Passive Aggressive: pretending not to know what you're talking about
Have you ever gone to a Seattle area store where a sales clerk comes up and asks if they can help you, then, when you tell them what you're looking for, they pretend they have no idea what you're talking about?
One example: in a store that sells appliances, I asked where the food processors were; the response: "food processor?"(blinks in confusion). Turns out, what I was looking for was a few aisles over from where we were standing.
When I first moved here, I had a lot of traveler's checks because I needed to change banks (my old bank didn't have a branch up here). I went shopping at a chain department store, buying household stuff. The lady at the cash register acted like she had never seen or even heard of a traveler's check. She asked: "What's this? Where did you get this? I don't know what to do with this." She even looked at a stamped signature (if you're not familiar with them, traveler's checks have an embossed signature of the bank's president someone like that, on part of it; this is distinct from your own signature line and is obviously printed as part of the traveler's check) and asked "do you know that person?" pointing at it.
This is tantamount to looking at a dollar bill and asking the person if they know the secretary of treasury because his or her signature is on it.
Eventually, I got the manager, who was able to help me.

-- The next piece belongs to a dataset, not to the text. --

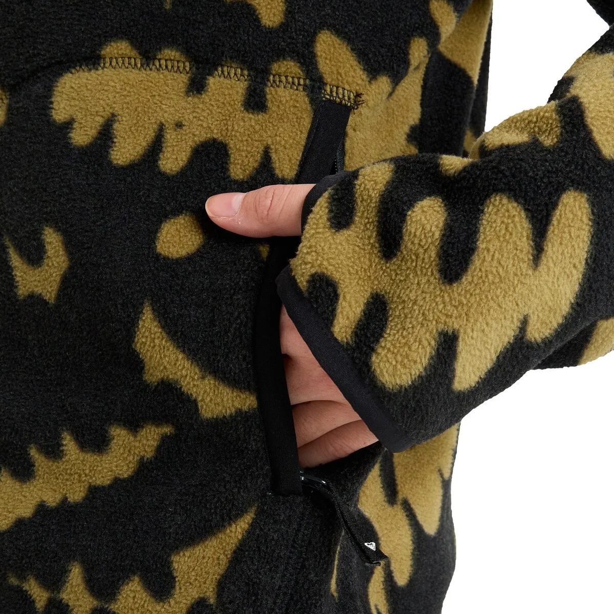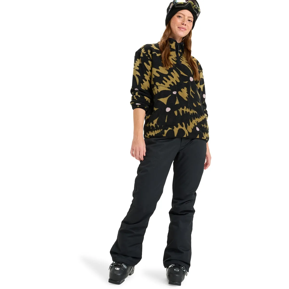 Техническая футболка для женщин. Характеристики включают: Технология: технология ROXY WarmFlight сочетает в себе отличное удержание тепла с высокой воздухопроницаемостью, низким весом и максимальным комфортом., Крой: обычный, классический крой для свободного движения и максимального комфорта, ЭКОЛОГИЧЕСКИЕ ДЕЙСТВИЯ: изготовлено из переработанных волокон [*процент относится к весу переработанного содержания по отношению к общему весу ткани изделия]., Ткань: флисовый полиэстер из переработанных материалов, Доступ с половинной молнией, Два кармана для согревания рук на молнии и Манжеты из лайкры с отверстием для большого пальца.

According to her, her store had no issues with accepting traveler's checks and their policy was to process them just like any other transaction, but she could not explain her employee's ignorance. In no way did she apologize or even attempt to address the issue with her employee -- if anything she acted like she was doing me a favor by accepting my traveler's check.
This could conceivably happen anywhere because stupidity is ubiquitous, but I don't think I've encountered it elsewhere to quite the degree as I have here.